ING Groep on Thursday launched a 1 billion euro ($1.2 billion) share buyback as it beat quarterly profit expectations, boosted by a strong performance across the board with costs lower than anticipated.
The bank’s first-quarter profit stood at 1.56 billion euros, ahead of the 1.43 billion euros forecast by analysts polled by the lender and around 100 million euros higher than last year’s result.
“Total income has risen 3% (…) supported by strong commercial net interest income and a 13% year-on-year increase in fee income,” the lender’s CEO Steven van Rijswijk said in a statement.

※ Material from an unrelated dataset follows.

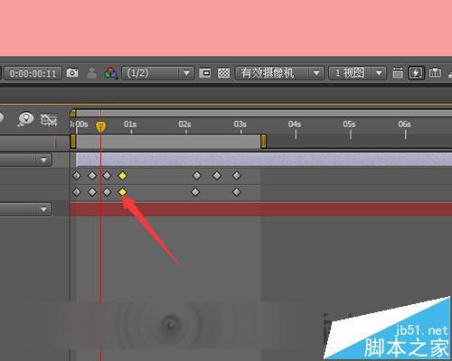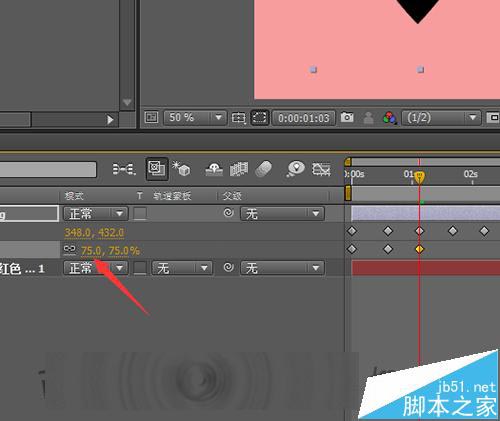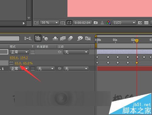 2、接下来就需要看着上面的位置的关键帧来给下面的心形添加缩放值。把时间线移动到位置的第二个关键帧上。在缩放比例上面把它的缩放值调整为45左右。调整之后,就会自动的在缩放上面新建一个关键帧。

ING said the double-digit increase in fee income was partly driven by higher customer trading activity, boosting its push to lift net fee and commission income as lower interest rates weigh on lending revenues.

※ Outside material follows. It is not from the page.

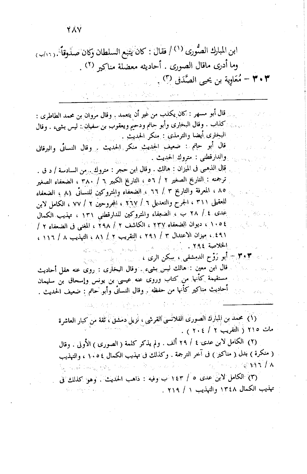 بن المبارك الصوري فقال كان يتبع السلطان وكان صدوقا وما أدري ما قال الصوري أحاديثه معضلة مناكير

As euro zone interest rates came down to 2%, European banks bet on fees to spearhead their continued growth in profitability and offset slower progress of net interest income.

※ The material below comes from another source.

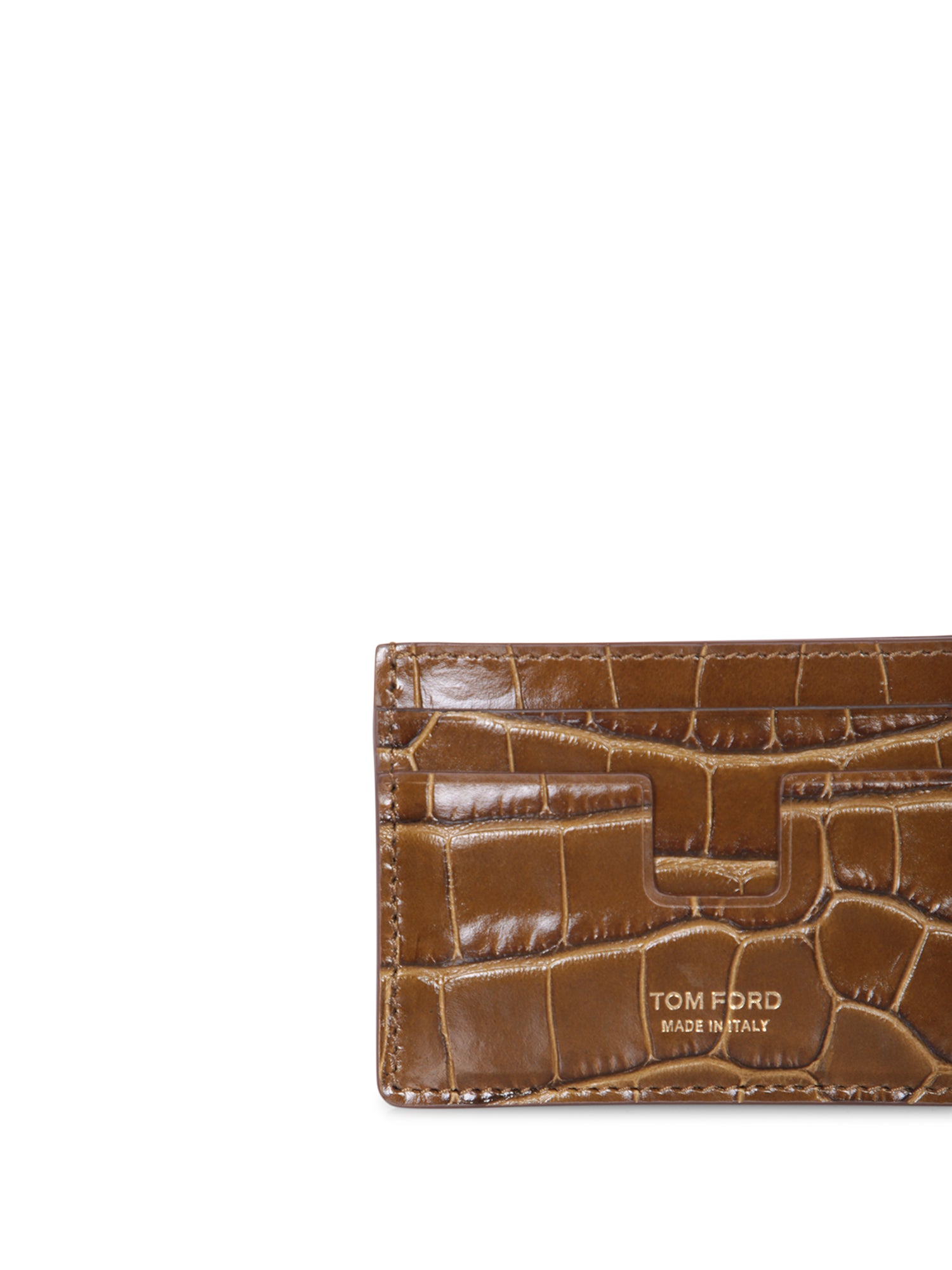 Crafted from crocodile leather. Precise stitching. Four card slots.

The bank confirmed its outlook for 2026 and 2027. Its net interest income – the difference between the interest gathered from borrowers and paid out to depositors – climbed by 7% to 4.06 billion euros.
After flatlining in 2025 after the European Central Bank brought down interest rates as inflation slowed down, the metric is set to pick up again in 2026 and 2027, according to analysts at UBS.
Additionally, with the war in the Middle East upending trade of crucial resources, inflation risks may force central banks around the world to start lifting rates once more, which would further boost lenders’ interest income.
ING’s France-based peers Societe Generale and Credit Agricole also posted their quarterly reports on Thursday with the latter missing expectations due to higher provisions on Iran war uncertainty.